Mas Riobaldo, que, entrado na velhice, continua a querer «decifrar as coisas que são importantes» (p. 134) – questionando a realidade do Mal e, sobretudo, de seu pacto com a serpente, para retomar um belo título de Mario Praz –, não terminará como Macbeth, mesmo se viver, sim, mil vezes sim!, é muito perigoso, segundo o refrão lancinante dessa imensa sinfonia que é Grande Sertão. Sinfonia que é urgente escutar de novo, e reler, como todo grande romance deve ser relido não uma ou duas vezes, mas várias vezes, e não apenas para saborear um pouco mais as sutilezas do texto ou compreender de que maneira o autor ocultou eruditamente o segredo de Diadorim ou como o homem se constitui, segundo reza o adágio, da soma de suas ações mas também de seus atos abortados, de acordo com a grande ideia que Henry James ilustrou genialmente em A fera na selva (4). Para além de tudo isso, será preciso reler Grande Sertão enquanto nos sobrar o alento desse «homem humano» (p. 623), tão efêmero quanto infinito.

Notas
* As citações de Grande Sertão: Veredas remetem à edição eletrônica do romance, disponível na internet, da Nova Aguillar (João Guimarães Rosa, Ficção completa em dois volumes, vol.
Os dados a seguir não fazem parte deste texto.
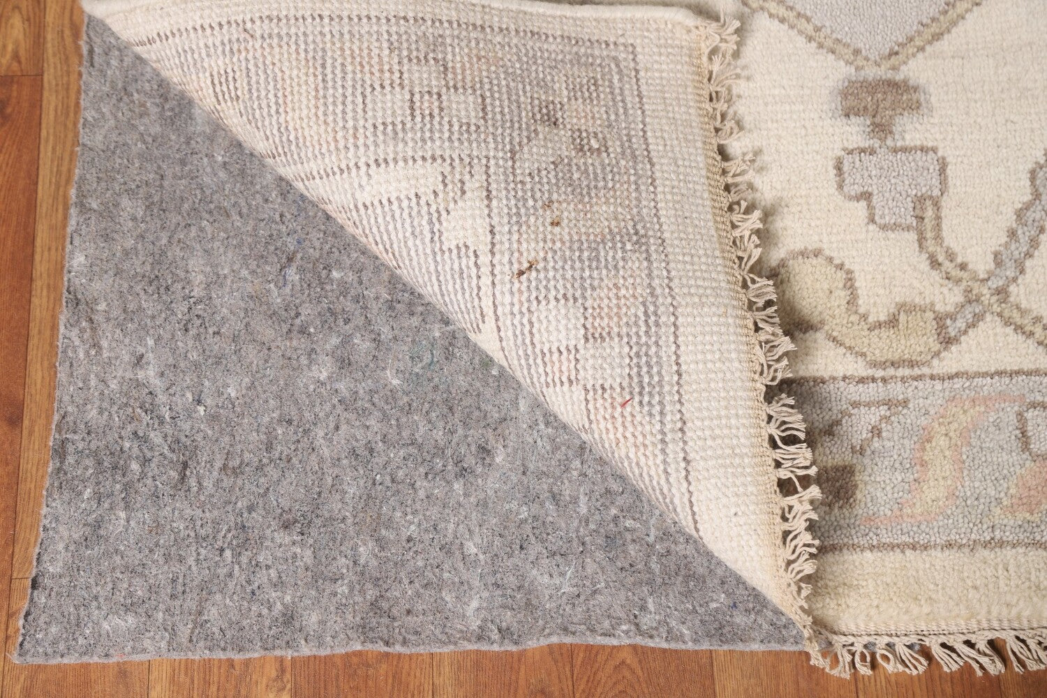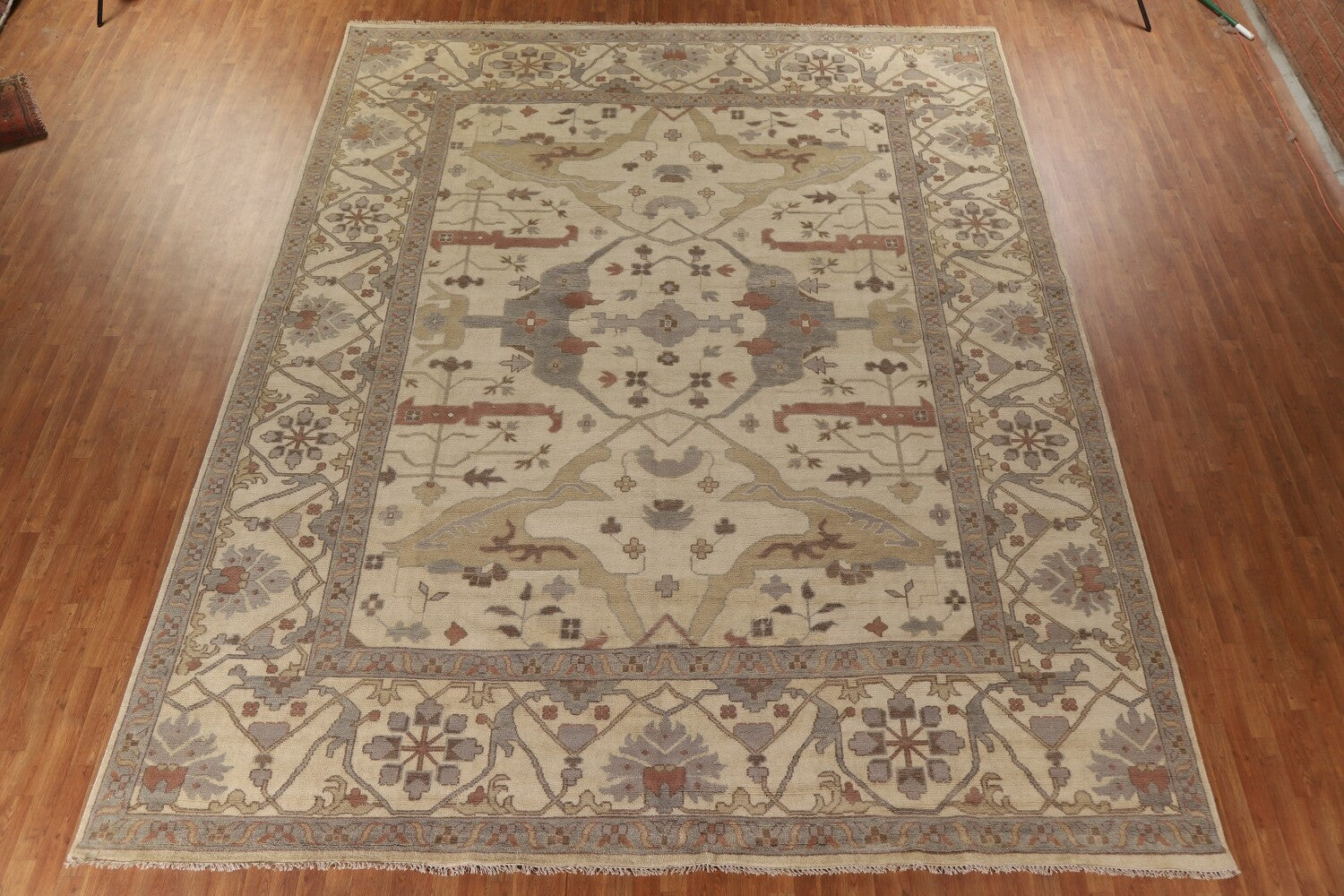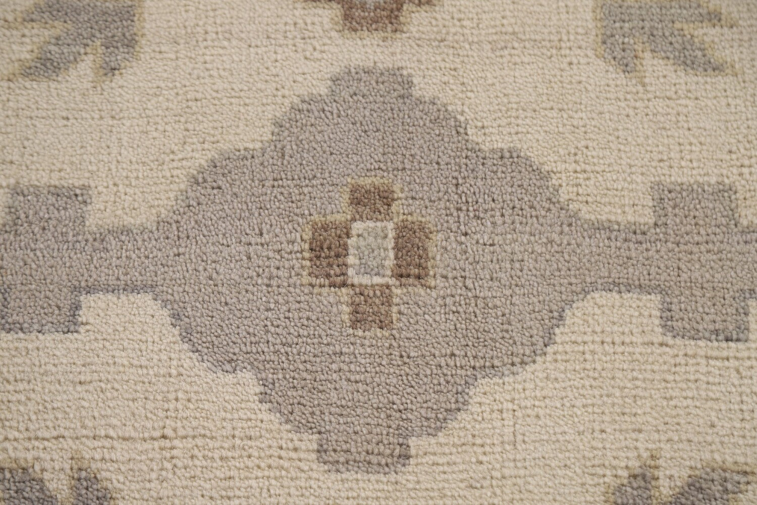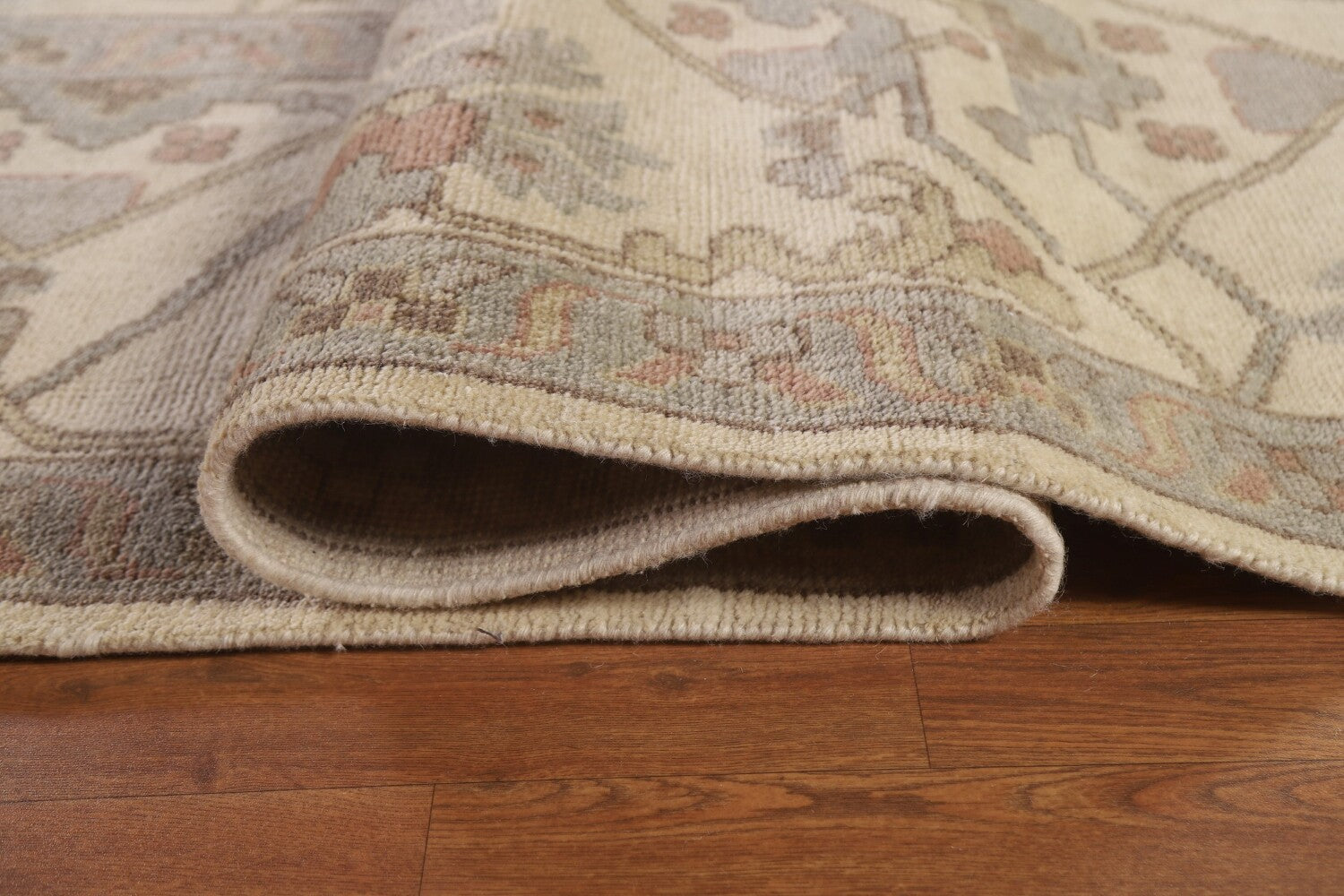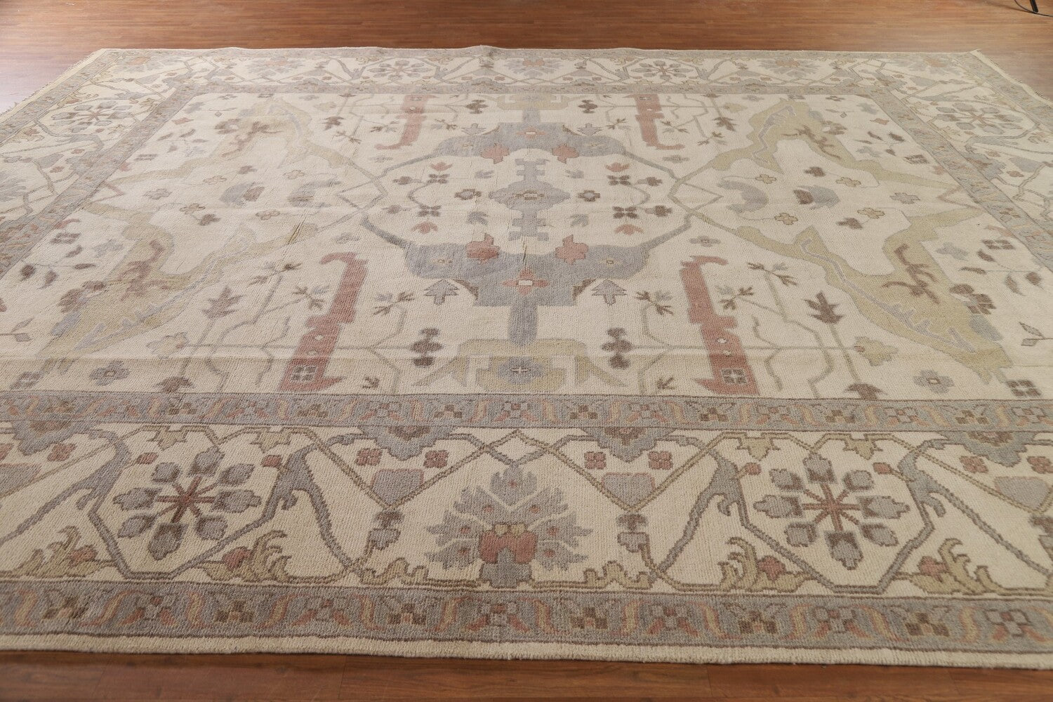 A Beautiful Genuine India Oushak rug is Hand Knotted by skillful weavers in India with 100% Wool Material. This rug is in condition. dimensions are 14' 11'' X 12' 0'' in foot and 455 X 366 in centimeter. the primary color is Beige & Ivories.

II, 1994). A passagem da epígrafe está na página 599. O prefácio de Mario Vargas Llosa a que se referirá o autor da crítica é parte da edição francesa (Diadorim, éditions 10/18, coleção Domaine étranger, 1995, trad. de Maryvonne Lapouge-Pettorelli). Foi publicado em português na Folha de S.Paulo de 30/3/1991. [Nota do Tradutor].
(1) Alguns exemplos dessa dimensão milenarista: «que [neste mundo] não se pode ver a força carregando nas costas a justiça, e o alto poder existindo só para os braços da maior bondade» (p. 554). A vontade de poder de Riobaldo assume até acento messiânico, em que a recapitulação das coisas e dos seres tem valor simbólico de gesto noáquico, assim como de constituição do misterioso Resto evocado por certos textos proféticos do Antigo Testamento. Outra passagem no mínimo explícita: «Pois os próprios antigos não sabiam que um dia virá, quando a gente pode permanecer deitada em rede ou cama, e as enxadas saindo sozinhas para capinar roça, e as foices, para colherem por si, e o carro indo por sua lei buscar a colheita, e tudo, o que não é o homem, é sua, dele, obediência?» (p. 725).
(2) Intercalação que tenta colar à complexidade da vida, inclusive às simples mudanças de humor do narrador, cuja arte continua a aprender graças à qualidade da atenção do seu interlocutor: «A lembrança da vida da gente se guarda em trechos diversos, cada um com seu signo e sentimento, uns com os outros acho que nem não misturam. Contar seguido, alinhavado, só mesmo sendo as coisas de rasa importância. De cada vivimento que eu real tive, de alegria forte ou pesar, cada vez daquela hoje vejo que eu era como se fosse diferente pessoa. Sucedido desgovernado. Assim eu acho, assim é que eu conto» (p. 132). É verdade que Riobaldo não conta «uma vida de sertanejo, seja se for jagunço, mas a matéria vertente» (p. 134).
(3) «Olhe: Deus come escondido, e o diabo sai por toda parte lambendo o prato...» (p. 71) Ou ainda: «O que não é Deus, é estado do demônio. Deus existe mesmo quando não há. Mas o demônio não precisa de existir para haver – a gente sabendo que ele não existe, aí é que ele toma conta de tudo» (p. 77).
(4) Como grande admirador de Browning, notemos que James apenas retomou um motivo constantemente evocado desde The Statue and the Bust, que o romancista brasileiro ilustra a seu turno, como todo escritor a braços com a matéria histórica: «Mas foi nesse lugar, no tempo dito, que meus destinos foram fechados. Será que tem um ponto certo, dele a gente não podendo mais voltar para trás?» (p. 406).